→ **What is required**:
If a line below contains "this", count it; then state how many such lines there are, and nothing else.

(Items from a data source)
§

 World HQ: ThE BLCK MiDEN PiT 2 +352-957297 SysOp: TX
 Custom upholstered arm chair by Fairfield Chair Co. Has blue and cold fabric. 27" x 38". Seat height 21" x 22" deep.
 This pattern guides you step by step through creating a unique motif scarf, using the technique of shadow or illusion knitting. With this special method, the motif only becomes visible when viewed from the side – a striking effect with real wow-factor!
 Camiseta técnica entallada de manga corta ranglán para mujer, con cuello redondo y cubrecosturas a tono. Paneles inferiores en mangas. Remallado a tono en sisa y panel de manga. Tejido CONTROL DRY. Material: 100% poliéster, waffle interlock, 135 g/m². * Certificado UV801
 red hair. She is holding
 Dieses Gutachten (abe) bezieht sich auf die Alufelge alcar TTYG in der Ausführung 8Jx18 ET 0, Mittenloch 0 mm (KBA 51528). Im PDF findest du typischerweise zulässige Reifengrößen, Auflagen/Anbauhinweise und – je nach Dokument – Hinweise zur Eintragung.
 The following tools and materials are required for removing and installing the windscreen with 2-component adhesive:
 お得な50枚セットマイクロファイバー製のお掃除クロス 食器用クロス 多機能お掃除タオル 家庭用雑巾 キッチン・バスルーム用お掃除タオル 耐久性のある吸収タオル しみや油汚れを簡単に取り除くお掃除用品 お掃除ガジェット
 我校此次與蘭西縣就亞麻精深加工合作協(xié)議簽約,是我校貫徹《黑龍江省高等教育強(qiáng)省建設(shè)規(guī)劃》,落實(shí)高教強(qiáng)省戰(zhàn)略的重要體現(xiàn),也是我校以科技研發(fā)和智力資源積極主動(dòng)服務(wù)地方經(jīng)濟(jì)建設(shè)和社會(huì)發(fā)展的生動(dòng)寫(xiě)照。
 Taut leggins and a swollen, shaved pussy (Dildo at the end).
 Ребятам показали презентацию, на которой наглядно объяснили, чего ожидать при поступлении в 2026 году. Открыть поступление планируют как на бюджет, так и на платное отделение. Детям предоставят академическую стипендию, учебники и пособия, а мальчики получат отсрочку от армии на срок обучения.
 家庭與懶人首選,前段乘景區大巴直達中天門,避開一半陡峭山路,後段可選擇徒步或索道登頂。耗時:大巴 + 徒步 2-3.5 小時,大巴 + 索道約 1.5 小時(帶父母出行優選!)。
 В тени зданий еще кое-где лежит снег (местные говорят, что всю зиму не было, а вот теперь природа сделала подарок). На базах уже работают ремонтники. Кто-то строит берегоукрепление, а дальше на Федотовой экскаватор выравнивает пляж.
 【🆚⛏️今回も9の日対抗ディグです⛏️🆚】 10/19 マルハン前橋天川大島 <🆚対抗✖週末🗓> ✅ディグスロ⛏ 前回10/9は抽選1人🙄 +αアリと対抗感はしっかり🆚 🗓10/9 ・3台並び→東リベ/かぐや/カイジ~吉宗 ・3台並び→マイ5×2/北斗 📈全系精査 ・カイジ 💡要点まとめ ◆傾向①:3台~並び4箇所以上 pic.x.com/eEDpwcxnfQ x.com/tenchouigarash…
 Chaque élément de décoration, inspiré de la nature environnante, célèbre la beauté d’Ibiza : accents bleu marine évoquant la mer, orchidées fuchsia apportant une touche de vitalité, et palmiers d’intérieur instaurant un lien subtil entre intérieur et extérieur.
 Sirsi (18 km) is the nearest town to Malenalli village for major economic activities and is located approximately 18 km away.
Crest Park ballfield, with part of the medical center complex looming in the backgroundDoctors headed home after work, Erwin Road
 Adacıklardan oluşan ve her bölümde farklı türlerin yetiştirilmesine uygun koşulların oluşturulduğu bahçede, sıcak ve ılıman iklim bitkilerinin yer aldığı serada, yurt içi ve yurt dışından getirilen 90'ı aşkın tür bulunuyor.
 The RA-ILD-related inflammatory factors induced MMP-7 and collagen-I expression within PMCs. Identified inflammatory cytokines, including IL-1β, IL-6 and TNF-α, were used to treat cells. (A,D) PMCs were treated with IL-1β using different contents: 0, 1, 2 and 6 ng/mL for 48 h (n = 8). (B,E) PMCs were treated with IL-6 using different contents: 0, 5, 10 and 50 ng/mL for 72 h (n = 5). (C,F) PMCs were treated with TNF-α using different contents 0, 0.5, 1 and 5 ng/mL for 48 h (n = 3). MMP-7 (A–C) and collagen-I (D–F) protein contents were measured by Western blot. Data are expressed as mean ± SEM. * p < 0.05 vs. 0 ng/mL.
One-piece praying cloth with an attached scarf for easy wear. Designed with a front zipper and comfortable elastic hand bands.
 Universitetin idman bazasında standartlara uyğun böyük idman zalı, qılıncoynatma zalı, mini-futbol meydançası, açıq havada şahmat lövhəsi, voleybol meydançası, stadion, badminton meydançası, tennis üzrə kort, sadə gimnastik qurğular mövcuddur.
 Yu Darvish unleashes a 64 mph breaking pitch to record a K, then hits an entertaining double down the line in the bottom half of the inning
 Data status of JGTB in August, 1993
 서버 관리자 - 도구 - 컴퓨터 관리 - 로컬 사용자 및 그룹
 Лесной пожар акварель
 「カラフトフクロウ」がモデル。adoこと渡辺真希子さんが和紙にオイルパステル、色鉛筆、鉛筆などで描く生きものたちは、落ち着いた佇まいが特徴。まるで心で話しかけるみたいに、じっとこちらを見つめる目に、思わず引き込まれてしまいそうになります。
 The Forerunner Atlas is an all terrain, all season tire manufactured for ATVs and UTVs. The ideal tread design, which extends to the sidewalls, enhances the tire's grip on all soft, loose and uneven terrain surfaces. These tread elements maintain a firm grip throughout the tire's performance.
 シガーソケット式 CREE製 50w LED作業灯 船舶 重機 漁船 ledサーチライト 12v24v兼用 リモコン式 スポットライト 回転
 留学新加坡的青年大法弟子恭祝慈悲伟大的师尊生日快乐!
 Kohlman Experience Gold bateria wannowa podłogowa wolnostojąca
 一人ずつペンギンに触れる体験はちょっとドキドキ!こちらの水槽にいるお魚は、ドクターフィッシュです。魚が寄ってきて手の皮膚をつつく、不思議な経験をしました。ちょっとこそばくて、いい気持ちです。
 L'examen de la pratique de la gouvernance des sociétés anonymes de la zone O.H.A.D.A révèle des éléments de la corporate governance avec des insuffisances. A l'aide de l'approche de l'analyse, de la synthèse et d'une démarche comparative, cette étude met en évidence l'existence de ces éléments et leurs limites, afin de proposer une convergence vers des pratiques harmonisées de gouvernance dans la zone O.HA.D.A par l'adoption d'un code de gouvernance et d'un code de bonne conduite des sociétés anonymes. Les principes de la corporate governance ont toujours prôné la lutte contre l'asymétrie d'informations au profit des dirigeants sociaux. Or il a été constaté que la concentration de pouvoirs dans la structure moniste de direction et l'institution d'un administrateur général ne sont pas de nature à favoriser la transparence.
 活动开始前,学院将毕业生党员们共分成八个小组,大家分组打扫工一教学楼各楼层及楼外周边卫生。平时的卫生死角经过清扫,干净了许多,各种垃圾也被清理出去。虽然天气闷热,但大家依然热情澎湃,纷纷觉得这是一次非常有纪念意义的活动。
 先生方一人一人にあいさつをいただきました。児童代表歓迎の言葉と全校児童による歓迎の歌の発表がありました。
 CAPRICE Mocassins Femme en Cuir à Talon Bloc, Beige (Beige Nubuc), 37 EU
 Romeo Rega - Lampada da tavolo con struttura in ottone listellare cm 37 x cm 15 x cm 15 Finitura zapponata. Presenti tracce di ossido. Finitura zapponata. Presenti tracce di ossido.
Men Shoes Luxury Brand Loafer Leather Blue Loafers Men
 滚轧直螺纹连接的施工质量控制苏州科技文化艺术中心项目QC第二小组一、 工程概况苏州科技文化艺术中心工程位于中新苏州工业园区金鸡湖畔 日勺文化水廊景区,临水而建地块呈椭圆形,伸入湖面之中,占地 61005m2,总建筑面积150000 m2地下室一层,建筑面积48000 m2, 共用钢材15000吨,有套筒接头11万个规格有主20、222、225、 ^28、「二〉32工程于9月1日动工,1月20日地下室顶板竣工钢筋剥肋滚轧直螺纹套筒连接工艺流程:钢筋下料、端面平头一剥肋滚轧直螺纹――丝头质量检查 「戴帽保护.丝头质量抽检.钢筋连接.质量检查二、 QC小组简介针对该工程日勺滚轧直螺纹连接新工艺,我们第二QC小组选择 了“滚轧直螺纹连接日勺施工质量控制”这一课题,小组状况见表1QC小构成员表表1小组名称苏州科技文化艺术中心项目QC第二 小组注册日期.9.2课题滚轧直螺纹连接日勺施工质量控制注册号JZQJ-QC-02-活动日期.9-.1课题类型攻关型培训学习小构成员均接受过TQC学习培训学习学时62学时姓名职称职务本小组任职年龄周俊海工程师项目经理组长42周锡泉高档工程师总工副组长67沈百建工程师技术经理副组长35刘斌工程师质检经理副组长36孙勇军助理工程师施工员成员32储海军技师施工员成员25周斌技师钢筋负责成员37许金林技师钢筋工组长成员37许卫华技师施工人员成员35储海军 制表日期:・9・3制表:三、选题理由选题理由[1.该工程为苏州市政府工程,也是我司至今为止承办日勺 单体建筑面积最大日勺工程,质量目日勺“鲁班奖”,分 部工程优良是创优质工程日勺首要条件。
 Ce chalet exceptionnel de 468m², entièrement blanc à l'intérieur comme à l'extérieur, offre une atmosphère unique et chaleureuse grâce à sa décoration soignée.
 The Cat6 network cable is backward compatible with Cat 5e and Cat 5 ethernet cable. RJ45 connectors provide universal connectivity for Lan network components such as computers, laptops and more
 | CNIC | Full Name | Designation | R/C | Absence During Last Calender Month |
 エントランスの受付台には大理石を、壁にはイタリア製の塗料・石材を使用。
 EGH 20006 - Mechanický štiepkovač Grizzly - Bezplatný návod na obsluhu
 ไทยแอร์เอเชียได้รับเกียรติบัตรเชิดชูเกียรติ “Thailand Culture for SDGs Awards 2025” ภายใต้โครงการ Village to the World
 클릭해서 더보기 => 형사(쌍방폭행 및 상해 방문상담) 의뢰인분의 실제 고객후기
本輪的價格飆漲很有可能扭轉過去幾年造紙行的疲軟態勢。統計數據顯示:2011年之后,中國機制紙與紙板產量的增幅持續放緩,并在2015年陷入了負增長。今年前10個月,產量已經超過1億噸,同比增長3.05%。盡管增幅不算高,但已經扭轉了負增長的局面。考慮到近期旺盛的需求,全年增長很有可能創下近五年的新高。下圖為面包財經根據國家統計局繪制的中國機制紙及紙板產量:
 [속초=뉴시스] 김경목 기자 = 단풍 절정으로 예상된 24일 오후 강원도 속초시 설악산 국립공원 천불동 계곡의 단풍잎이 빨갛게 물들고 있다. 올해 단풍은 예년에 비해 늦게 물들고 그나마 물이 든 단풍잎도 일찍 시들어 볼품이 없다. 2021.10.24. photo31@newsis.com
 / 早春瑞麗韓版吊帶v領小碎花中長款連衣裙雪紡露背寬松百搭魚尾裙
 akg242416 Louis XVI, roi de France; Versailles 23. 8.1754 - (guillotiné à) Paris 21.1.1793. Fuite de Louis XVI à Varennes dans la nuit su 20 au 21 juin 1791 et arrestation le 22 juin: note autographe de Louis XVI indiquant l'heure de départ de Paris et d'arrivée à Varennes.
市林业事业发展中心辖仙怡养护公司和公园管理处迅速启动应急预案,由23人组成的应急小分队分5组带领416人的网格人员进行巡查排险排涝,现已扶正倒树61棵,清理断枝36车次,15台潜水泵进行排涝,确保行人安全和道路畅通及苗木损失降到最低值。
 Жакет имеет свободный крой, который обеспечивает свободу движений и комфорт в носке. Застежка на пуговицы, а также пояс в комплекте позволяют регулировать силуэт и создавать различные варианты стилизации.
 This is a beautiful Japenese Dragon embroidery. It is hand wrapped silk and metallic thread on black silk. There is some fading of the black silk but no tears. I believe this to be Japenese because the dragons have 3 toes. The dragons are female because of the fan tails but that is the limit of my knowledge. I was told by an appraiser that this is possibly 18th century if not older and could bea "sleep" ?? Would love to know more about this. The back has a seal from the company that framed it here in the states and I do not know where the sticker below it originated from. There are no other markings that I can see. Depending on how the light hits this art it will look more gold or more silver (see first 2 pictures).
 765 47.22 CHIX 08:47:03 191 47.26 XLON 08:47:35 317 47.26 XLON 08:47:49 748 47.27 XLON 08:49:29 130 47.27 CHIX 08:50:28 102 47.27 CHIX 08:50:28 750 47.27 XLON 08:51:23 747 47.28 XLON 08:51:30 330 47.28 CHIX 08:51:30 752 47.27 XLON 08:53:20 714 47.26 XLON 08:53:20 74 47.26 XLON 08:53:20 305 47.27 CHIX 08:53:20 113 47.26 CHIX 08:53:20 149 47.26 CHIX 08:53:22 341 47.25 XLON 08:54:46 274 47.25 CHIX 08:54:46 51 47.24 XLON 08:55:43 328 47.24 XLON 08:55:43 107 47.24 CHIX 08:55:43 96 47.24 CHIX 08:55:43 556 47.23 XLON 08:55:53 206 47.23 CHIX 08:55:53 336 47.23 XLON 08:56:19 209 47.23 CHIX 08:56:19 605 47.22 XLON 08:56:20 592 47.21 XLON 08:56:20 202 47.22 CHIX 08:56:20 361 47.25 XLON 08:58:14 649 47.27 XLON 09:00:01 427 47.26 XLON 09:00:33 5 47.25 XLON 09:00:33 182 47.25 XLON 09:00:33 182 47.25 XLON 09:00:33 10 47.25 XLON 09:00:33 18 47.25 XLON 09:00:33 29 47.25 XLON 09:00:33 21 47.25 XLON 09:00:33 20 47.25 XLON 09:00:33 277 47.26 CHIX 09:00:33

§

→ **Problem solution**:
2